- _Exercise inputs_:
--- START ---

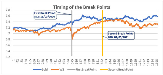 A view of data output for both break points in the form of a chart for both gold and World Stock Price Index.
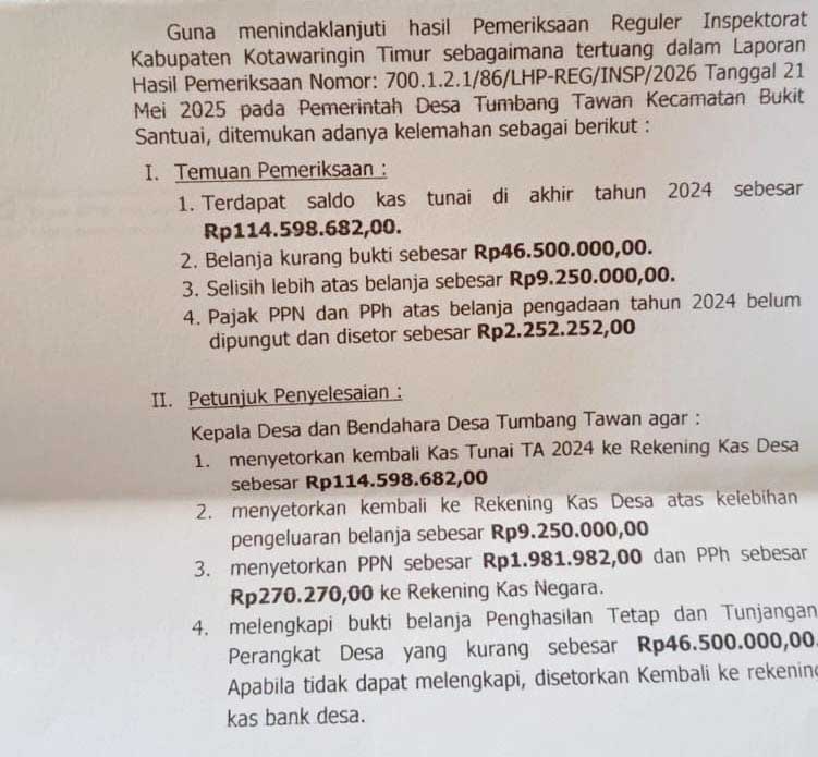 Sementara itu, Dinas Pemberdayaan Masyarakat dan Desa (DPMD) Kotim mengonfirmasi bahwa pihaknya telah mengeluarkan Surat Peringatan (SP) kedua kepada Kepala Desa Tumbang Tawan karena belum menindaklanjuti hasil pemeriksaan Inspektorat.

--- END ---
--- START ---

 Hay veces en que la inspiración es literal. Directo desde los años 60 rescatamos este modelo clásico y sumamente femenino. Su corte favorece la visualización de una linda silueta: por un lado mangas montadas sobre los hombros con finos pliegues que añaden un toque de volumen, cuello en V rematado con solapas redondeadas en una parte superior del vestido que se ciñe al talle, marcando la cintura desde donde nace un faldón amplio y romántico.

--- END ---

- _Task requirements_: Retype only the lines above from the one with "A view of data" through the one with "Sementara itu, Dinas", exactly and with both ends. Images stay out.

- _Response to the task_:
 A view of data output for both break points in the form of a chart for both gold and World Stock Price Index.
 Sementara itu, Dinas Pemberdayaan Masyarakat dan Desa (DPMD) Kotim mengonfirmasi bahwa pihaknya telah mengeluarkan Surat Peringatan (SP) kedua kepada Kepala Desa Tumbang Tawan karena belum menindaklanjuti hasil pemeriksaan Inspektorat.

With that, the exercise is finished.